PROBLEM: Set down again exactly the lines of the listing below that fall between the line holding "Sojas vaska svece" and the line holding "Изменения геомагнитного индекса", inclusive.

── RECORDS ──

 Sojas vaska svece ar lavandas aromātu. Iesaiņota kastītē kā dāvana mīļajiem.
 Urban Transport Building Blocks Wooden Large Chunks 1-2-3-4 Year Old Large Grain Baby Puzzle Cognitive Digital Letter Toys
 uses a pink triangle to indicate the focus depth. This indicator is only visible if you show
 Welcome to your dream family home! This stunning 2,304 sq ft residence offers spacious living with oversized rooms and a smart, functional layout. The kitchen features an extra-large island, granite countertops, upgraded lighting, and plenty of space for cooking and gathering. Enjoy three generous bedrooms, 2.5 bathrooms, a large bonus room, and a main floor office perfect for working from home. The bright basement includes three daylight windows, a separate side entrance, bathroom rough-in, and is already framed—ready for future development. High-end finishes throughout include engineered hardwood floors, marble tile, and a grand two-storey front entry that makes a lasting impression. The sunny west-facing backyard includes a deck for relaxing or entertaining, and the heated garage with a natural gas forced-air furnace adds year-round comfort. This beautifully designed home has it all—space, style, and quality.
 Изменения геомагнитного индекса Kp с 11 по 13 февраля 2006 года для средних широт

───
── RECORDS ──

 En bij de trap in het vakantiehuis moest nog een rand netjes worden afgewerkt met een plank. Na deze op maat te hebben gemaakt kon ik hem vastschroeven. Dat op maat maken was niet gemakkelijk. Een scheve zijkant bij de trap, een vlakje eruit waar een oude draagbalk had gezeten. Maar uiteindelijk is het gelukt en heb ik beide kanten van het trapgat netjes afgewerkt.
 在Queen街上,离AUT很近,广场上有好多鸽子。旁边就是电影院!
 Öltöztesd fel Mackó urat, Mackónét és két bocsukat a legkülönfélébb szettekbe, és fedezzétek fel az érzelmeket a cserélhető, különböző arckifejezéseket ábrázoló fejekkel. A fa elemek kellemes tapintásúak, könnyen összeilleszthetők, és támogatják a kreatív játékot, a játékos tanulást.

───
── RECORDS ──

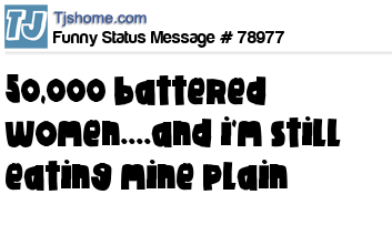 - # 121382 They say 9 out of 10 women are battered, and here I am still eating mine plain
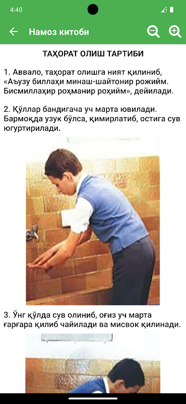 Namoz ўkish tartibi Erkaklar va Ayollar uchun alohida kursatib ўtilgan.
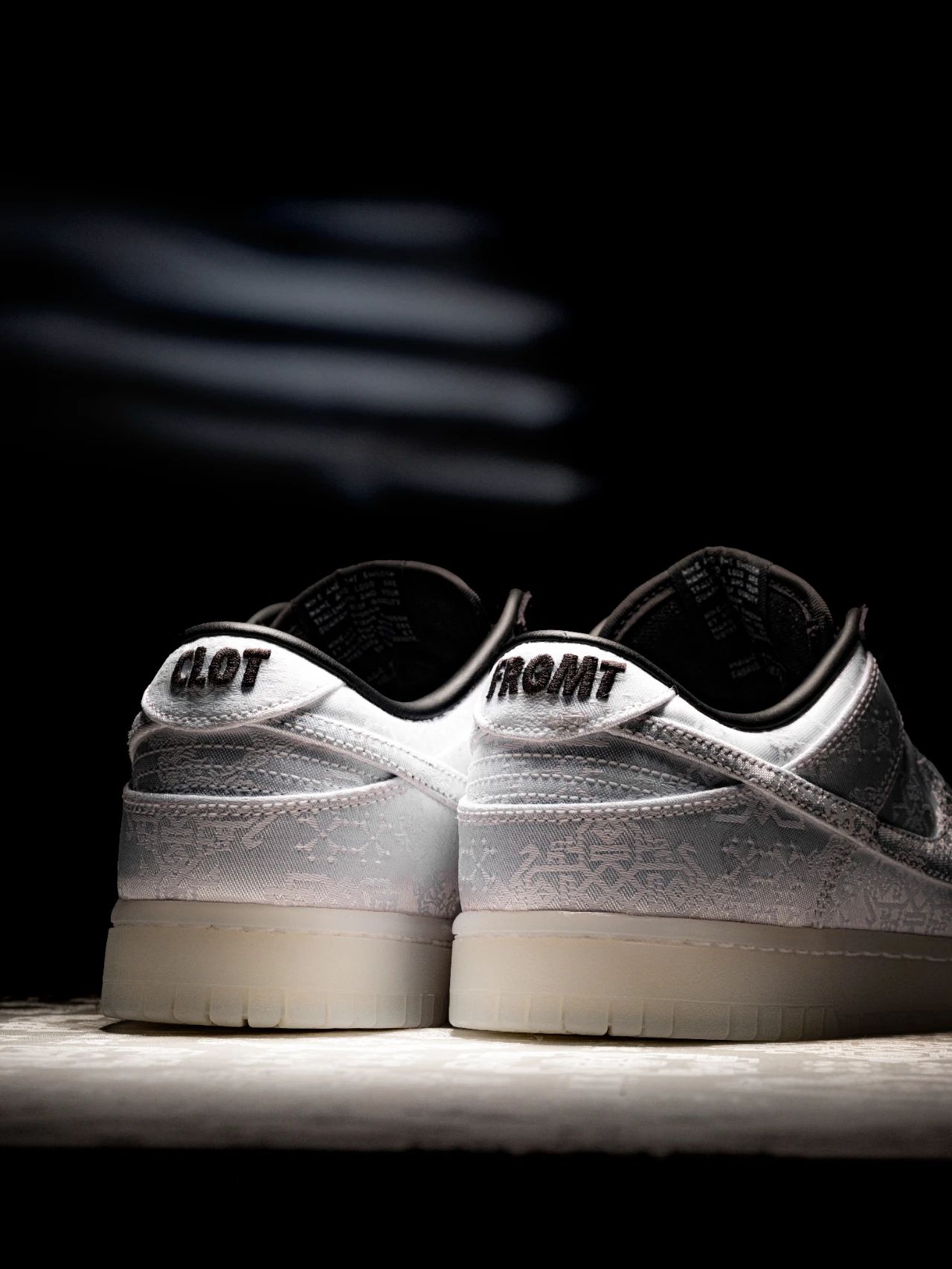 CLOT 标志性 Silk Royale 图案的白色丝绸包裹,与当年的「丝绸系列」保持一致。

───

SOLUTION FOR THIS EXERCISE:
 Sojas vaska svece ar lavandas aromātu. Iesaiņota kastītē kā dāvana mīļajiem.
 Urban Transport Building Blocks Wooden Large Chunks 1-2-3-4 Year Old Large Grain Baby Puzzle Cognitive Digital Letter Toys
 uses a pink triangle to indicate the focus depth. This indicator is only visible if you show
 Welcome to your dream family home! This stunning 2,304 sq ft residence offers spacious living with oversized rooms and a smart, functional layout. The kitchen features an extra-large island, granite countertops, upgraded lighting, and plenty of space for cooking and gathering. Enjoy three generous bedrooms, 2.5 bathrooms, a large bonus room, and a main floor office perfect for working from home. The bright basement includes three daylight windows, a separate side entrance, bathroom rough-in, and is already framed—ready for future development. High-end finishes throughout include engineered hardwood floors, marble tile, and a grand two-storey front entry that makes a lasting impression. The sunny west-facing backyard includes a deck for relaxing or entertaining, and the heated garage with a natural gas forced-air furnace adds year-round comfort. This beautifully designed home has it all—space, style, and quality.
 Изменения геомагнитного индекса Kp с 11 по 13 февраля 2006 года для средних широт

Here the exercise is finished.